Insgesamt sprach die Polizei von einem weitestgehend friedlichen Verlauf. Die Polizei habe von sich aus nicht auf Straftaten reagieren müssen. Man werde aber durchaus ein Auge darauf haben, wie sich künftige Demonstrationen entwickelten. Bislang ist nach Angaben der Stadt noch keine weitere Gelbwesten-Demo in Karlsruhe angemeldet. Enttäuscht vom Verlauf der Demonstration zeigte sich am Montag auch Wolfgang Weber, Vorsitzender des DGB-Kreisverbands Karlsruhe-Land. Er habe vor allem „dumpfe rechte Parolen“ vernommen und von den zuvor propagierten Zielen des Veranstalters sei nicht mehr viel übrig geblieben, schreib er an diese Zeitung. Dies sei allerdings auch vorhersehbar gewesen.
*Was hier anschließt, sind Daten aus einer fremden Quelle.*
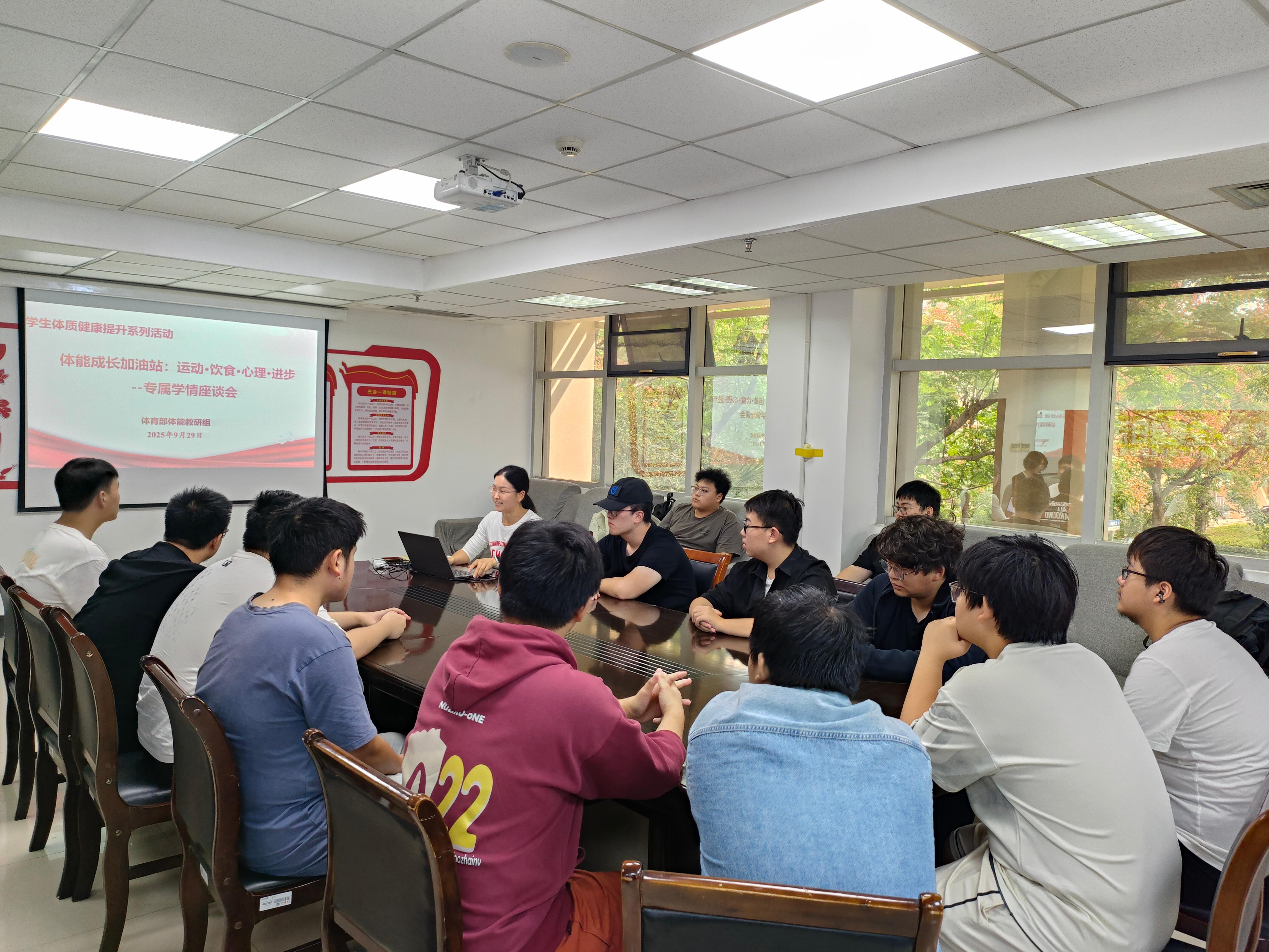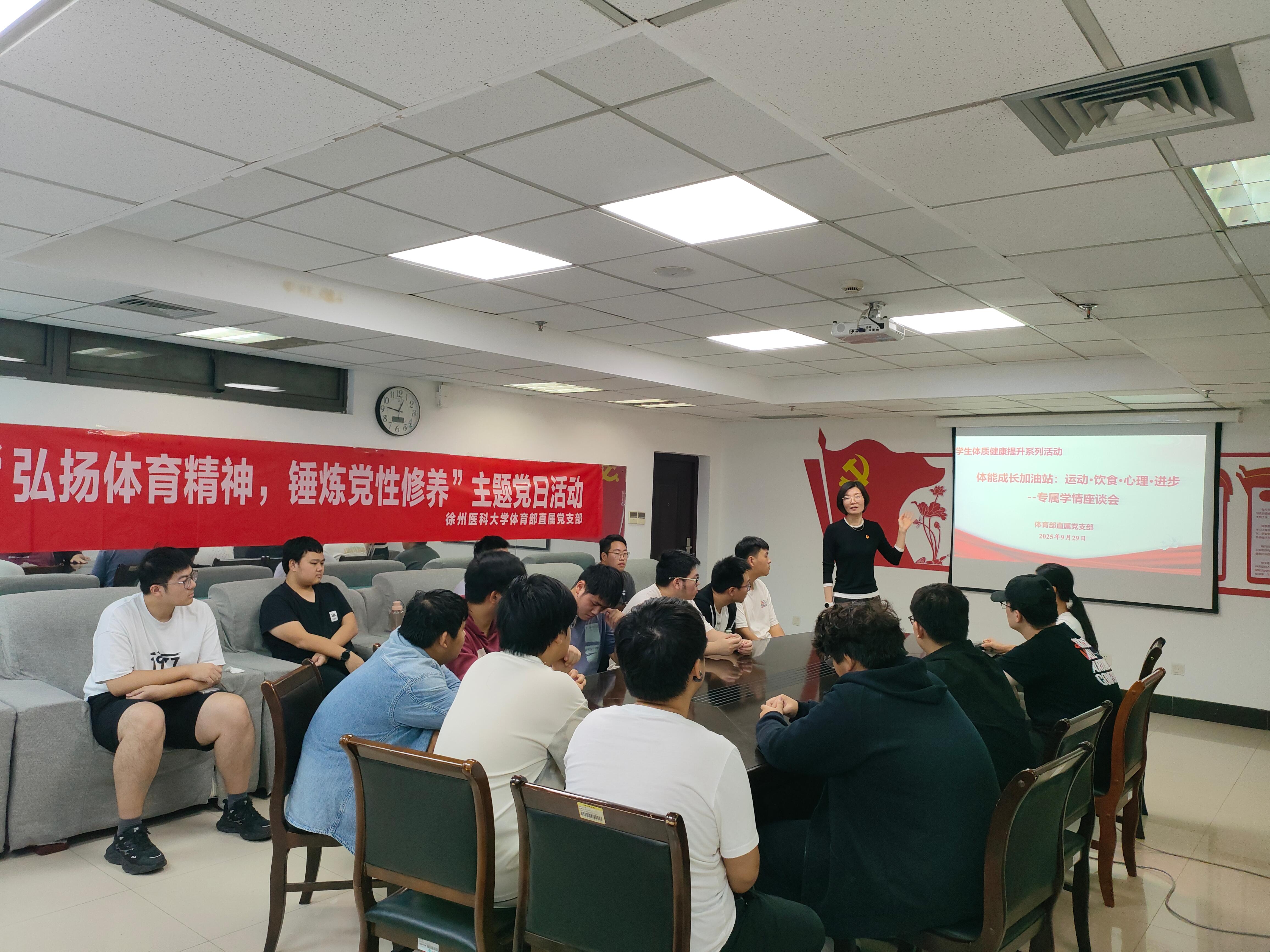 为深入推进“弘扬体育精神,锤炼党性修养”主题党日活动,9月28日,体育部直属党支部在文体中心206会议室组织召开“饮食·运动·心理·进步”专属学情专题座谈会。会议聚焦学生体质健康发展需求,旨在以党建推进精准服务,切实助力提升学生体能。
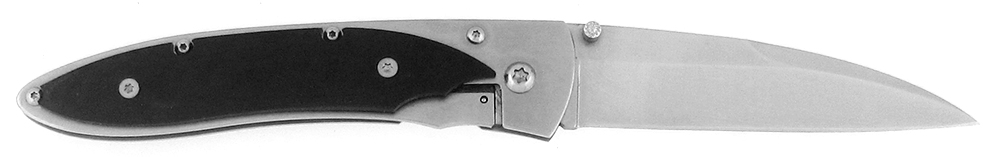 Satin finished 420 stainless steel frame with black G-10 onlays. Satin finished VG-10 stainless steel wharncliffe blade with swedging toward the tip and William Henry logo. Dual thumb studs and frame lock make for easy operation. Excellent lightweight gents knife by William Henry. Leather slip style sheath with pocket clip. This is a very early William Henry knife, one of the first models they made. Brand new in box with paperwork.
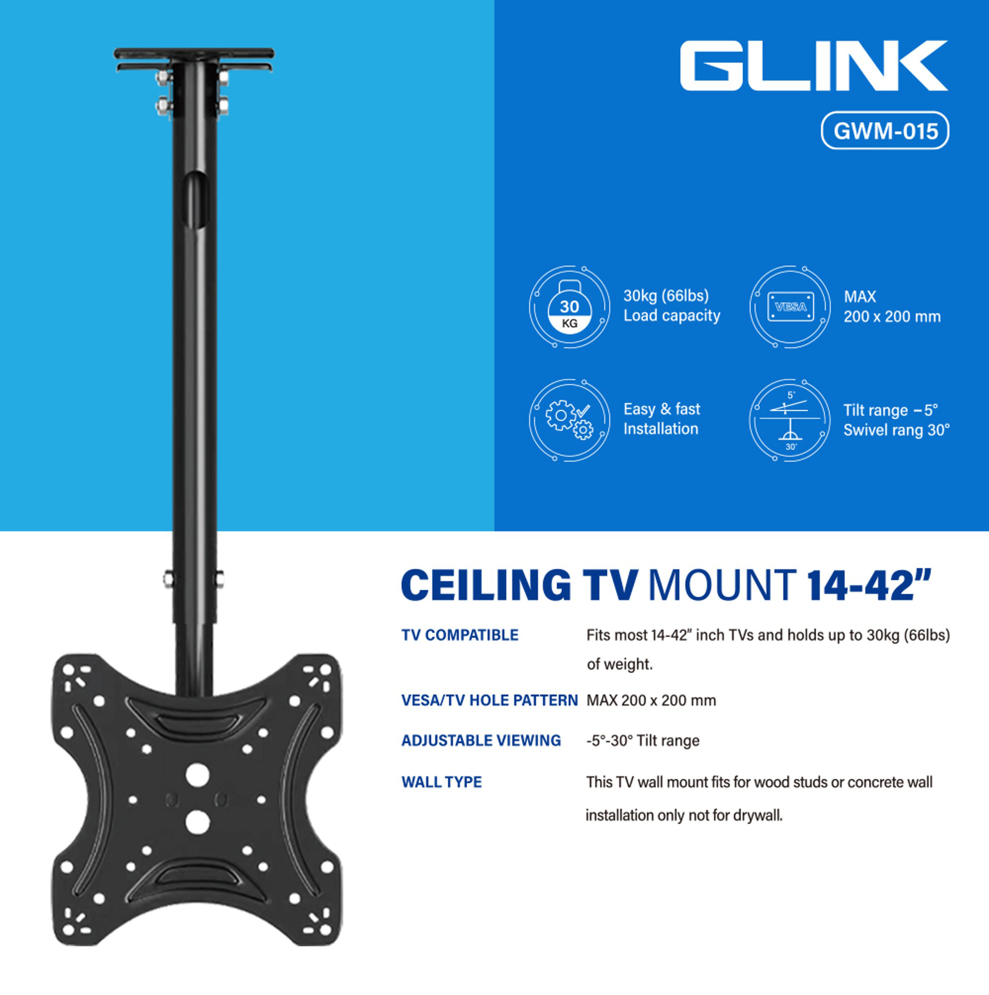 tags : ขาแขวนทีวี, ขายึดทีวี, ขาแขวนทีวีห้อยหัว, Ceiling Mount TV, ขาแขวนทีวีเพดาน, GWM-015, GLINK, TV Mount, TV Bracket, ที่แขวนทีวี 14-42 นิ้ว, ที่แขวนทีวีบนเพดาน, อุปกรณ์ติดตั้งทีวี, ขาแขวนทีวีร้านอาหาร, ขาแขวนทีวีห้องประชุม, ที่แขวนทีวีร้านกาแฟ, ขาแขวนทีวีปรับหมุนได้, Ceiling TV Mount 14-42 inch
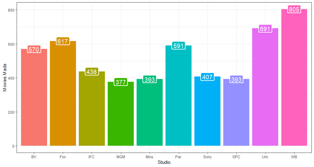 ggplot(aes(x = studio, y = movies_made, fill = studio, label = as.character(movies_made))) +

Verfassungsschützer: Möglicherweise wollen Rechtsextremisten bürgerliche Kräfte instrumentalisieren

Dass rechtsextreme Kräfte die Gelbwesten-Proteste in Deutschland nutzen könnten, um gesellschaftspolitische Themen zu besetzen, darauf hatte das Landesamt für Verfassungsschutz bereits im Dezember hingewiesen. Konkret bezieht sich der Verfassungsschutz auf Mitglieder der rechtsextremen „Identitären Bewegung“, die sich im Internet mit den Gelbwesten solidarisiert hatten und sich auch an Demonstrationen in Kandel beteiligten. Grundsätzlich sei denkbar, schrieben die Verfassungsschützer, dass Rechtsextremisten in den Themen der Gelbwesten ein „geeignetes Mobilisierungsmoment“ erkennen, „um bürgerliche Kräfte für ihre Zwecke zu instrumentalisieren.“
Themen der Gelbwesten in Deutschland waren bisher etwa die Diesel-Fahrverbote oder das Tempolimit auf Autobahnen. Grundsätzlich formulieren sie Kritik an der Bundesregierung und fordern mehr soziale Gerechtigkeit. Das Ziel der Gelbwesten ist eigentlich eine Mobilisierung der gesellschaftlichen Mitte. Der Demo-Verlauf am Samstag in Karlsruhe dürfte allerdings „normale Bürger“ eher abgeschreckt haben.